This makes it possible to estimate more correct growth information
and complement the discarded information, thereby accurately
obtaining growth information on the overall farm field or the like
that is an acquisition target of growth information.
[0018] The present invention is preferably characterized by
including the equipment and the growth information management
apparatus, the growth information management apparatus including an
information collection device mounted on the equipment, and a
growth information generation device for generating the growth
information based on information received from the information
collection device.
[0019] According to the present invention, the object is attained
by a method for controlling the growth information management
apparatus that emits a measuring beam to plants and acquires growth
information on the plants based on received reflected light while
being mounted on another equipment, the method being characterized
in that the growth information is corrected based on change
information on the irradiation direction of the measuring beam
according to a positional change of the equipment.
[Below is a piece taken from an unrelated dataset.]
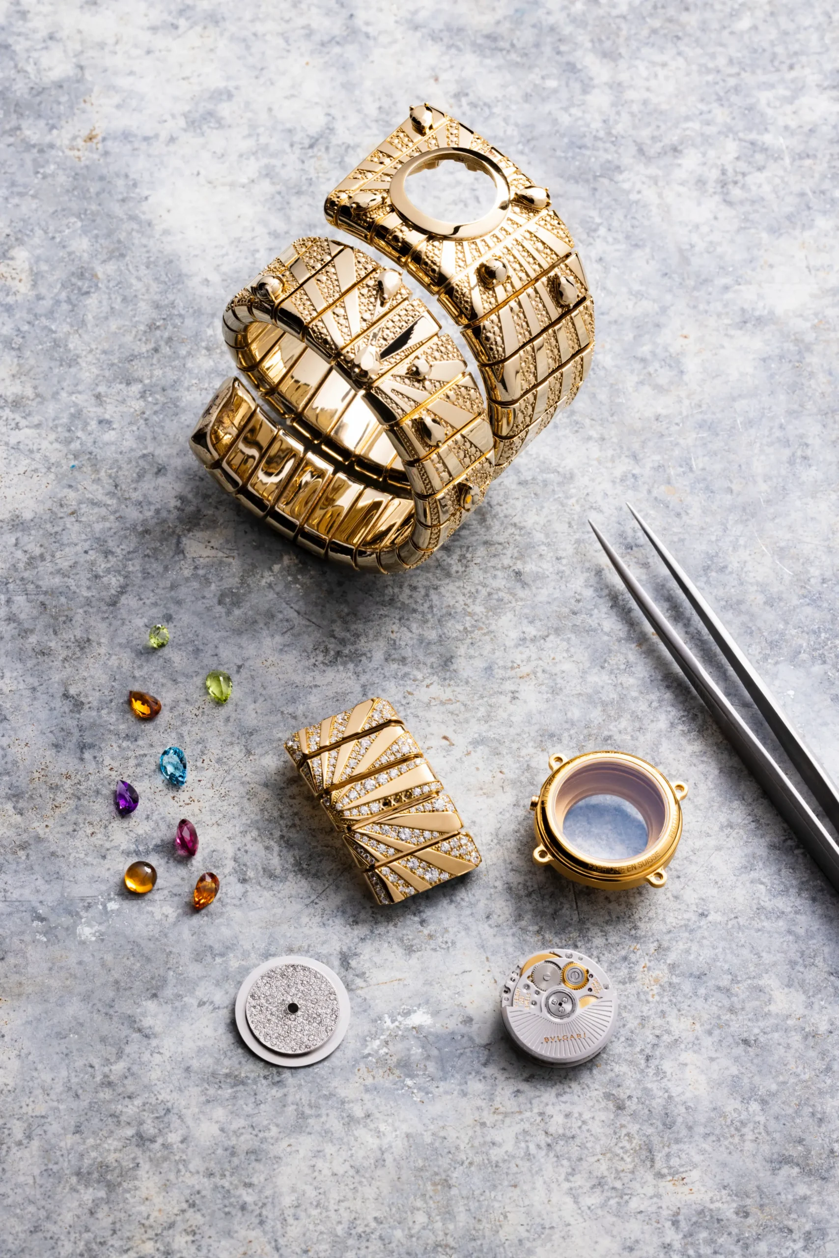 투보가스 망셰트는 불가리의 1974년 아카이브 모델에서 영감을 받았으며, 손목을 유연하게 감싸는 조형적인 형태가 특징이다. 참고로 산업 디자인에서 영감을 받은 투보가스 기법은 1940년대 불가리 최초로 세르펜티 브레이슬릿에 적용한 것으로, 가스 파이프의 금속 코일 구조를 닮은 데서 이름을 얻었다.

[0020] According to the present invention, the object is attained
by a growth information management program that causes a growth
information management apparatus to perform the function of
correcting growth information, the growth information management
apparatus emitting a measuring beam to a plant and acquiring the
growth information on the plant based on received reflected light
while being mounted on another equipment, the growth information
being corrected based on change information on an irradiation
direction of the measuring beam according to a positional change of
the equipment.
Advantageous Effects of Invention
[0021] The present invention can advantageously provide a growth
information management apparatus, a growth information management
system, a method for controlling the growth information management
apparatus, and a growth information management program, by which a
growth situation of plants or the like can be accurately
ascertained regardless of a positional change of equipment where
the apparatus is mounted.
BRIEF DESCRIPTION OF DRAWINGS
[0022] FIG. 1 is a schematic diagram illustrating a growth
information management apparatus of the present invention, for
example, a laser growth-sensor apparatus mounted on another
equipment, for example, a UAV (Unmanned aerial vehicle) that is
also referred to as a drone.
[0023] FIG. 2 is a schematic block diagram illustrating the main
configuration of the UAV including the laser growth-sensor
apparatus of FIG. 1.
[0024] FIG. 3 is a schematic block diagram illustrating the main
configuration of the laser growth-sensor apparatus of FIG. 1.
[0025] FIG. 4 is a schematic block diagram illustrating the main
configuration of a sensor-apparatus-side first various information
storage unit.
[0026] FIG. 5 is a schematic block diagram illustrating the main
configuration of a sensor-apparatus-side second various information
storage unit.
[0027] FIG. 6 is a schematic flowchart of the steps of acquiring
information on a growth situation of a plant in a farm field by
using, for example, the UAV and the laser growth-sensor apparatus
according to the present embodiment.
[0028] FIG. 7 is a schematic flowchart of the steps of acquiring
the information on a growth situation of the plant in the farm
field by using, for example, the UAV and the laser growth-sensor
apparatus according to the present embodiment.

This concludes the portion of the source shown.